Dünyada olduğu gibi Türkiye’de de kadınlar, diğer işletmelere kıyasla sosyal girişimlerde çok daha fazla liderlik rolü üstleniyorlar. Gerçekte Türkiye, sosyal girişimcilikte kadın liderliği konusunda öne çıkan ülkelerden biri (Köne, 2023). Bugün Söyleşiler köşemize Impact Hub Ankara kurucu ortaklarından Berivan Eliş’i konuk ediyoruz. Euclid Network tarafından hazırlanan “Top 100 Women In Social Enterprise 2023” (Sosyal Girişimde İlk 100 Kadın) listesinde yer alma başarısını gösteren Berivan Eliş ile Impact Hub modeli, Impact Hub Ankara’nın çalışmaları ve genel olarak ülkemizdeki sosyal girişimcilik alanı üzerine konuştuk.
Berivan seni tanıyabilir miyiz?
Kendimi tanıtırken zorlanıyorum. Bunun bir sebebi hayatım boyunca hep iki üç şeyi birlikte yapmış olmam. Farklı şeyleri bir hikâyede anlatmak zor oluyor, çalışma hayatım üzerinden gideyim. 1980 doğumluyum. Ankara Üniversitesi Siyasal Bilgiler Fakültesi’nde, Uluslararası İlişkiler okudum. Daha sonra Bilkent Üniversitesi Uluslararası İlişkiler Bölümü’nde yüksek lisansımı tamamladım. Yüksek lisans eğitimim sırasında aynı zamanda araştırma asistanlığı yaptım.
İlk işim Bilkent’te gönüllülük yaparken tanıştığım Toplum Gönülleri Vakfı’nda oldu. Vakfın Ankara sorumlusu, aynı zamanda saha sorumlusu olarak çalıştım. Saha sorumlusu olarak Türkiye’nin birçok ilini görme ve tanıma şansım oldu. Daha sonra Birleşmiş Milletler Kalkınma Programı’nda, konusu gençlik olan 2008 yılı İnsani Kalkınma Raporunu hazırlayan ekipte yer aldım. O çalışma kapsamında çok seyahat ettik, ülkenin köşesine bucağına gittik. Ardından bir 7. Çerçeve Projesi’nde araştırmacı olarak Bilkent Üniversitesi’ne döndüm, orada iki yıl çalıştıktan sonra Avrupa Birliği Türkiye Delegasyonu’nda, ki burası AB’nin Türkiye Temsilciği oluyor, çalışmaya başladım. Oradan Eylül 2014’te ayrıldığımda çok şey öğrenmiştim lakin sahada insanlarla daha yakın çalışma özlemi duyuyordum.

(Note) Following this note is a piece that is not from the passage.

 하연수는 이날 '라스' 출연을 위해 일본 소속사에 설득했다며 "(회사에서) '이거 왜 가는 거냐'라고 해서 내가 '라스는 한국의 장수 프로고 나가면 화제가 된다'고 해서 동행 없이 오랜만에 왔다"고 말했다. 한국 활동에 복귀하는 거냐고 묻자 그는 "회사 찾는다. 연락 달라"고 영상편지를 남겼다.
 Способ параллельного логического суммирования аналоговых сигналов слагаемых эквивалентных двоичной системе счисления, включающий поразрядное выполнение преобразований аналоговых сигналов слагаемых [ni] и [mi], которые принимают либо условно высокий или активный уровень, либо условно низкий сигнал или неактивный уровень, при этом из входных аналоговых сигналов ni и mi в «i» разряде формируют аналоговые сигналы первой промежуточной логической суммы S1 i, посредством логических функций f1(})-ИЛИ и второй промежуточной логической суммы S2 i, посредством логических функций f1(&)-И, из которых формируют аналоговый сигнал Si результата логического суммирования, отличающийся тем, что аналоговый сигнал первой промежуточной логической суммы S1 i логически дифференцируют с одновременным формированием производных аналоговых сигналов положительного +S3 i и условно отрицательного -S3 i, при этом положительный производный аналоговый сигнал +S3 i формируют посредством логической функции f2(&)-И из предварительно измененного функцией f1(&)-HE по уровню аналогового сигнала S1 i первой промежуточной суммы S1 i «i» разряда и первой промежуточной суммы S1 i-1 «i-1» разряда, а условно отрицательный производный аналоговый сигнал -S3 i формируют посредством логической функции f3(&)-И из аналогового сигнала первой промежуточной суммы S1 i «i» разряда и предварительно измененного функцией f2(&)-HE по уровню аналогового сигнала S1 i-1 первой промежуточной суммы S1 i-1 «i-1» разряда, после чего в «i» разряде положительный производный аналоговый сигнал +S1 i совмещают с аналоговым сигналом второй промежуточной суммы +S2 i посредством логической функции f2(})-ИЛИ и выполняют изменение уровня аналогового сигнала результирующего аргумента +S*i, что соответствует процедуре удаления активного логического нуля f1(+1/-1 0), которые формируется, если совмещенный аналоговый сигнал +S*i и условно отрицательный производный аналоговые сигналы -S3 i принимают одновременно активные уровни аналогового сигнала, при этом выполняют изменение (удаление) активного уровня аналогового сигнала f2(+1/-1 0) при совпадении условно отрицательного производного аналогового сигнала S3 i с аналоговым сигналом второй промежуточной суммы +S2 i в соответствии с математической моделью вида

Ankara’daki yurttaşlık bilincini, sorumluluk kültürünü ve çalışkanlığını çok seviyorum
Kendim ile ilgili söz etmem gereken en önemli şeylerden biri Ankara’ya olan sevgim. Kendine özgü birçok güzelliğinin yanı sıra Ankara’daki yurttaşlık bilincini, sorumluluk kültürünü ve çalışkanlığını çok seviyorum. Delegasyondan ayrıldığım dönemde Ankara’daki bu ruhu kolektif bir üretkenliğe dönüştürme yolları arayan birçok insan vardı. TED Üniversitesinin o zamanki rektörü, Prof. Dr. Murat Tarımcılar sayesinde, bu yol, TED Üniversitesi bünyesinde bir sosyal inovasyon merkezine dönüştü: İstasyonTEDÜ. TED Üniversitesinin şehir üniversitesi olmak, üniversite ile toplum arasında anlamlı bir etkileşim yaratmak gibi bir misyonu olduğundan, kurduğumuz merkez bir buluşma noktası oldu. İstasyon ismini çok güzel taşıdı.

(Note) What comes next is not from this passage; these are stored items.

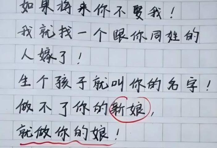 小学学霸“情书”走红,家长看后哭笑不得,班主任:加油看好你!这名小学生倒是很霸气,连老师都直呼:服了,如果将来做不了你的新娘,那么就做你的娘,字字句句都充满着霸道的气息,而从这样的言语当中,可以感受得到,小学生的家长也很强势,所以才会出现这样的现象。 这是一种优势,但也是缺点,不管遇到任何事都应该理智对待,而不是如此强势的解决问题,家长有必要调整自己,否则随着学生的年龄上涨,学生很有可能做错事,家长该意识到问题有多么的严重。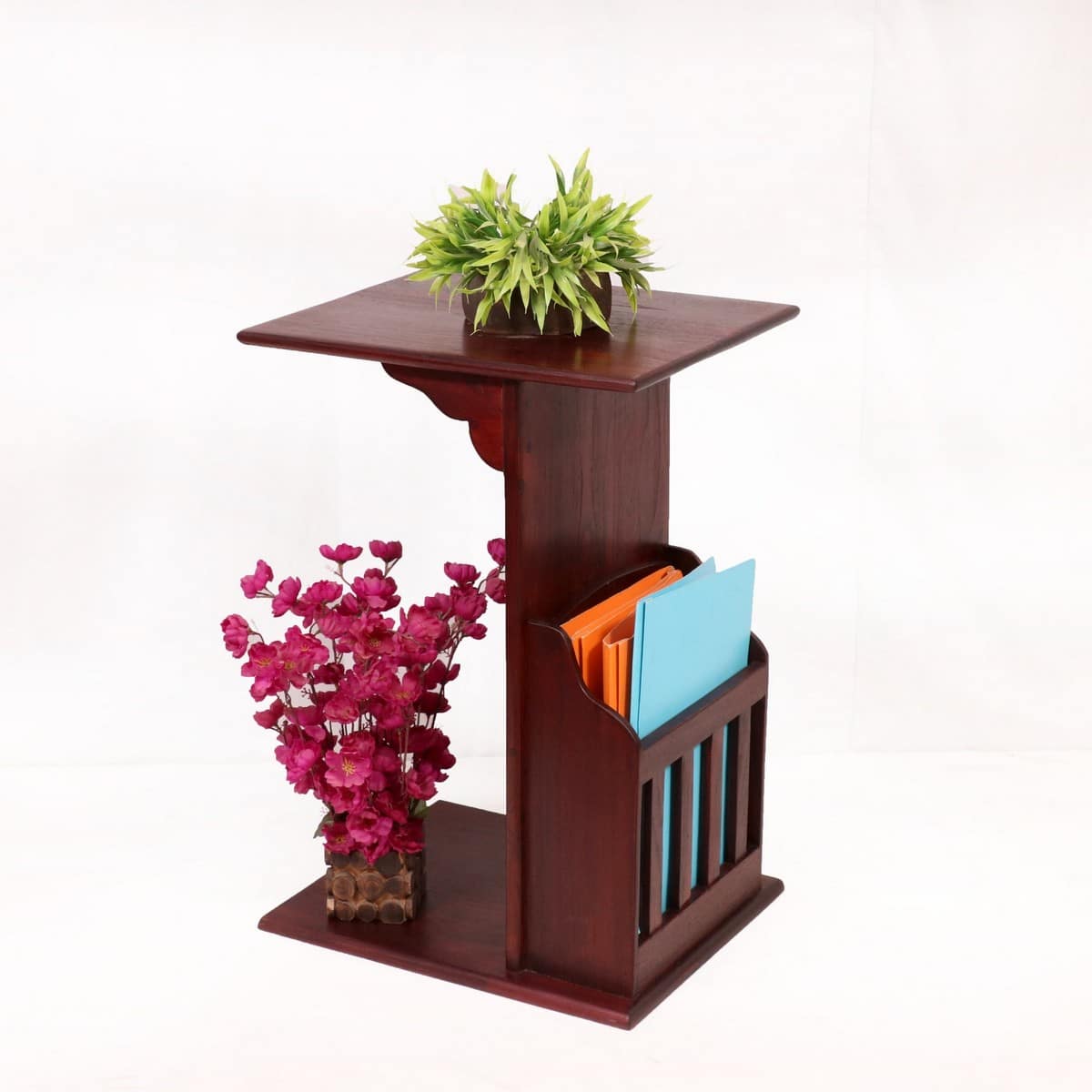 Beautiful Double Utility End Table For Home, What happens when you match the design with utility? You get a high-quality and highly functional product like this one! We are proud to present the dual utility and very compact end table that also houses a small bookshelf on the side. This one is perfect for the side of the couch and for a reading nook that has an old grandfather chair to match. You can layer this piece with a mat and a vase holding some pretty flowers. At the same time, you can place a potted plant below so that some greenery comes to match the gleaming polish of the wood. This table can also be used as a nightstand in the bedroom for convenience!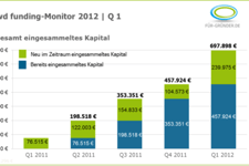 Auch den Crowdinvesting Plattformen Seedmatch und Innovestment konnte ein guter Start in Q1 2012 bescheinigt werden. Alles Startups konnten ihre angestrebten Fundingsummen übertreffen. Drei Projekte konnten sogar die gesetzlich vorgegebene Maximalsumme von 100.000 Euro erreichen. Im Bereich Crowdinvesting verspricht das erste Quartal 2012 weitere Erfolge. Durch neu gegründete Plattformen in diesem Bereich erwartet Für-Gründer ein Finanzvolumen von 4 bis 5 Millionen Euro.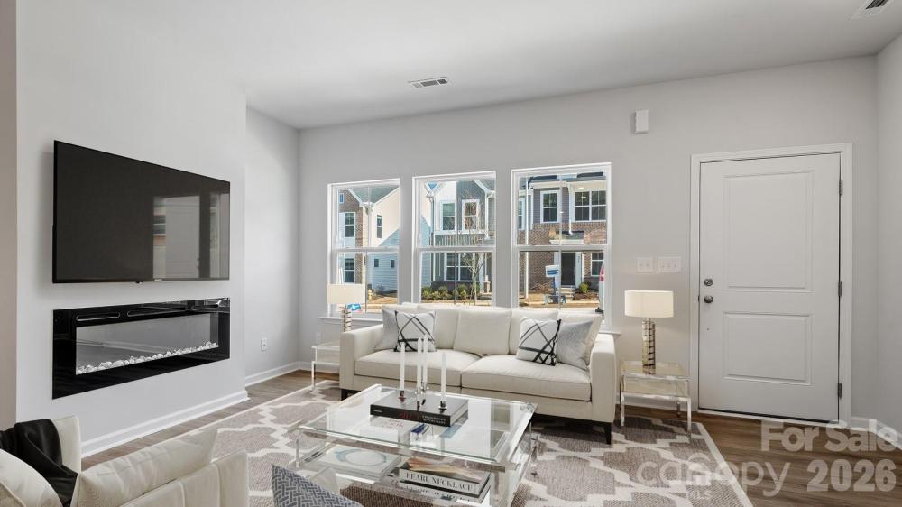 Don't miss this thoughtfully designed end-unit two-story townhome offers three bedrooms and two-and-a-half bathrooms. Just inside the entrance, you'll find an open-concept great room that flows seamlessly into the kitchen and eat-in dining area. Upstairs, the primary suite includes a spacious walk-in closet, with a boxed ceiling and dual vanities for added luxury. Two additional bedrooms and a full bathroom are also located on the second floor, along with a conveniently placed laundry closet just outside the secondary bedrooms. A powder room is located just inside the entry from the attached one-car garage, with a built-in bench and cubby to keep essentials in check.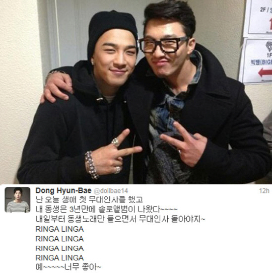빅뱅 멤버 태양의 솔로 앨범 컴백에 친형이자 배우인 동현배가 응원의 메시지를 보냈다.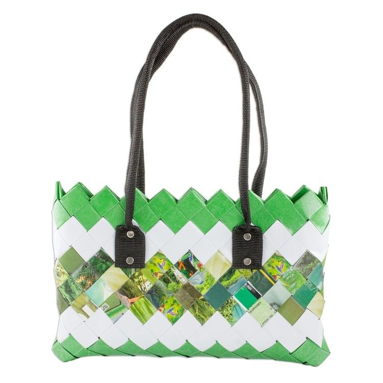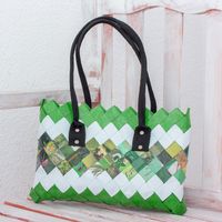 Handcrafted Green Recycled Magazine Paper Shoulder Bag 'New Fields' Item ID: 2671781036

5 yıldan sonra Impact Hub Ankara’yı kurmak için İstasyonTEDÜ’den ayrıldım. Şimdi Impact Hub Ankara’nın kurucu ortaklarından birisi ve program ve proje işleri ile ilgilenen direktörüyüm.

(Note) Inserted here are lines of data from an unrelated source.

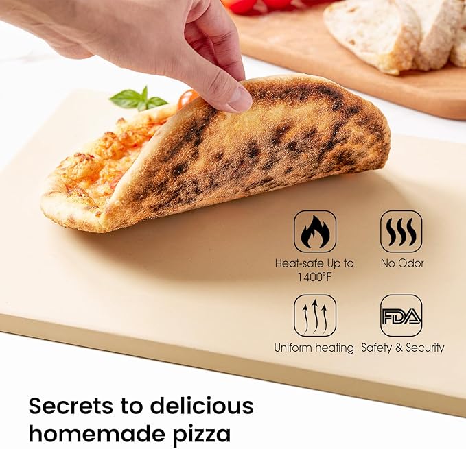 - PIZZERIA QUALITY PIZZAS AT HOME ANY TIME. Evenly distributes heat for optimal cooking, absorbs moisture out of the dough, give you the crispy, browned crust that you crave. Not only for pizza but also for bread, cookies, biscuit and more, heat or reheat ready-made pizzas for much crispier results.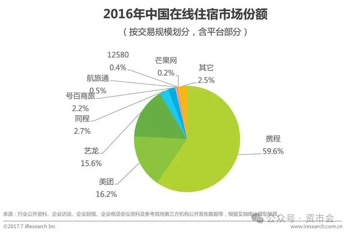 至此,携程、同程、艺龙、去哪儿、智行、途牛等成为“一家人”。根据艾瑞数据,到2016年,携程及去哪儿、同程、艺龙等合计占有中国在线住宿市场近80%份额,远超美团(16.2%)。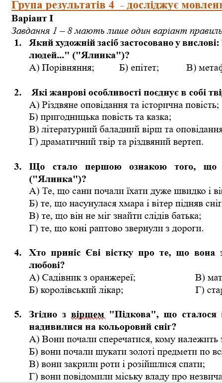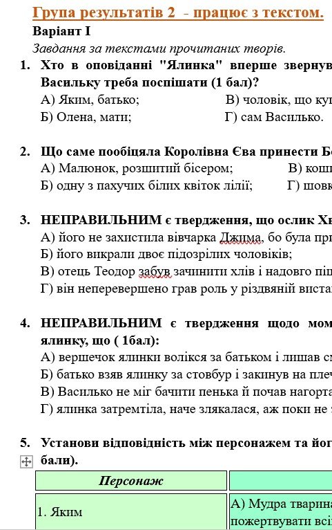 - ГР 4 – тестові завдання за прочитаними творами; два завдання на встановлення відповідностей – 2 варіанти.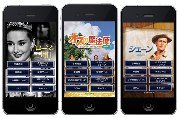 映画に登場するフレーズや単語を学習ゲームとして楽しむ事ができます。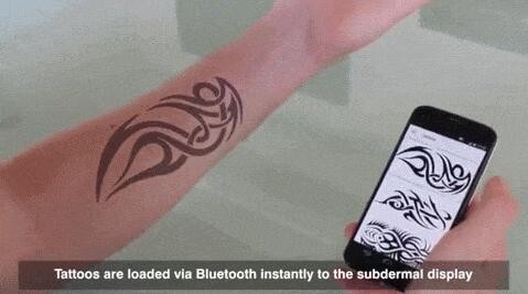 在电子墨水发展之前,动态图像的显示需要有恒定的电流,并且显示屏的寿命和电源有不可分割的关系。与其他很多可植入或者可穿戴技术一样,在体内置入一个显示屏会受到电池功率的制约。然而电子墨水仅仅在显示内容发生变化时才会消耗能量,而不是需要恒定的电流来保持图像。因此我们可以在皮肤上创建这样的一个屏幕,它的能量消耗微乎其微。

Impact Hub; etki odaklı çalışan tüm aktörlerin parçası olabileceği bir ağ ve çalışma alanı
Impact Hub Ankara, dünya ölçeğinde bir ağ olan Impact Hub Global’ın bir üyesi. Oldukça değişik bir model olan Impact Hub’ı, bize anlatır mısın?
Impact Hub dünya çapında bir network; resmi olarak 2005 yılında kurulmuş, yaklaşık 20 yıllık bir mazisi var.
Etki odaklı çalışan tüm aktörlerin; girişimcilerin, yenilikçilerin, yaratıcı insanların ve pozitif değişim yaratmak isteyen her aktörün parçası olabileceği bir ağ ve çalışma alanı. Etki odaklı çalışanlara ve ortak çalışma alanını kullananlara topluluk ve akran desteği sağlayan, içinde bulundukları ekosistemi geliştirmek için kapasite geliştirme programları ya da bağlantı programları sunan çok yönlü bir yapı. Aynı anda birçok faaliyet alanında çalışan bir çeşit destek kuruluşu: Projeler ve programlar yürütüyor, danışmanlık veriyor, kendi kapasitesini geliştiriyor ve başkalarına kapasite aktarıyor. Bu yönü ile aynı anda hem gelişen hem de geliştiren bir kurum. Özetle Impact Hub, etki odaklı çalışan tüm aktörleri mekân, topluluk ve programlar sayesinde bir araya getiren, buluşturan ve destekleyen bir yapı.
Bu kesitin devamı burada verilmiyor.